WHAT TO DO →
Below, find the line containing "頻繁に潜り、食べものを探して" and the line containing "Appartement de 6"; reproduce exactly those two and every line between them, omitting pictures.

PROVIDED DATA →
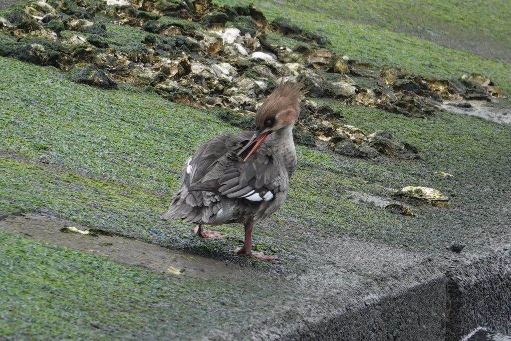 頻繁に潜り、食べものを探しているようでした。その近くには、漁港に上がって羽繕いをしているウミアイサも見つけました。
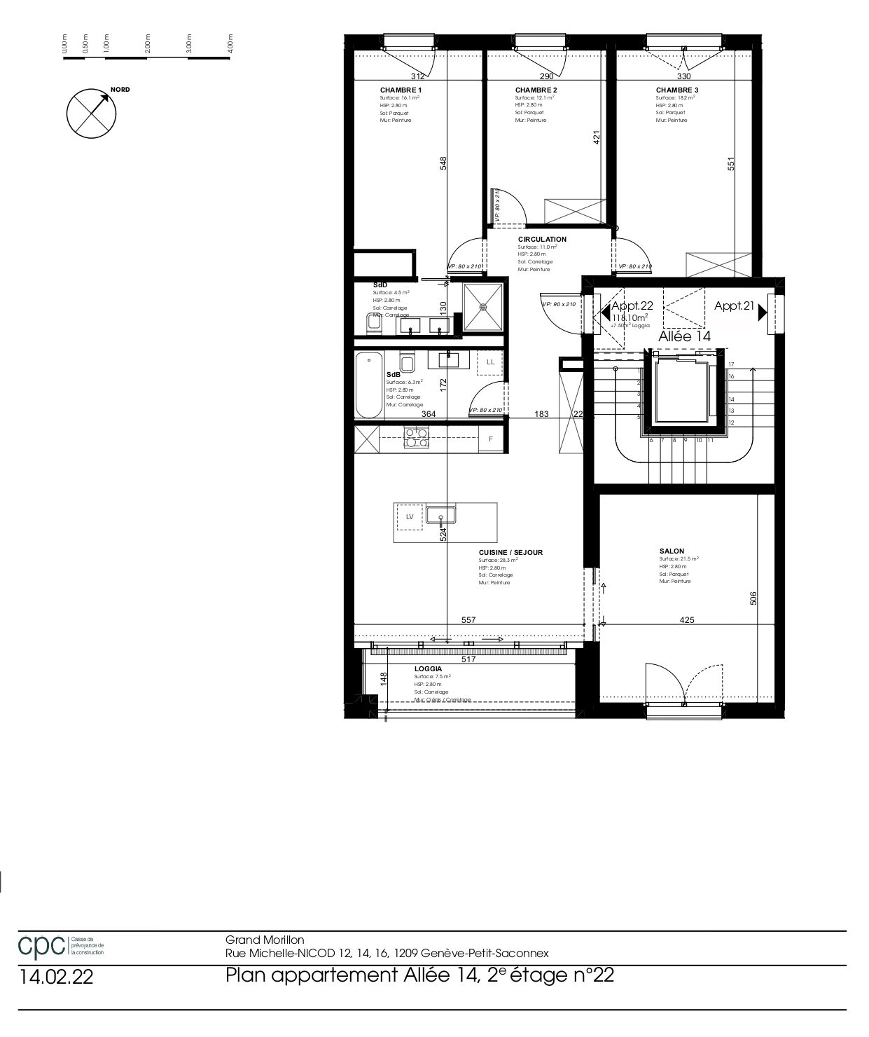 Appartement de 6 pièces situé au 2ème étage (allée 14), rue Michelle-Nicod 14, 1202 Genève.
* * *
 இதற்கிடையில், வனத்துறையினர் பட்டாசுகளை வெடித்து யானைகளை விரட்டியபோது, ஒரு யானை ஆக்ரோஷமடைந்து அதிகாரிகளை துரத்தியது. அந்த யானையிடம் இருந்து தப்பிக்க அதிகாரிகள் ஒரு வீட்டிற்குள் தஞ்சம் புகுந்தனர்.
---
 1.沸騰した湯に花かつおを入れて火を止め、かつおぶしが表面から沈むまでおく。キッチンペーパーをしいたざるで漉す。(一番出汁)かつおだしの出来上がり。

EXPECTED OUTPUT →
 頻繁に潜り、食べものを探しているようでした。その近くには、漁港に上がって羽繕いをしているウミアイサも見つけました。
 Appartement de 6 pièces situé au 2ème étage (allée 14), rue Michelle-Nicod 14, 1202 Genève.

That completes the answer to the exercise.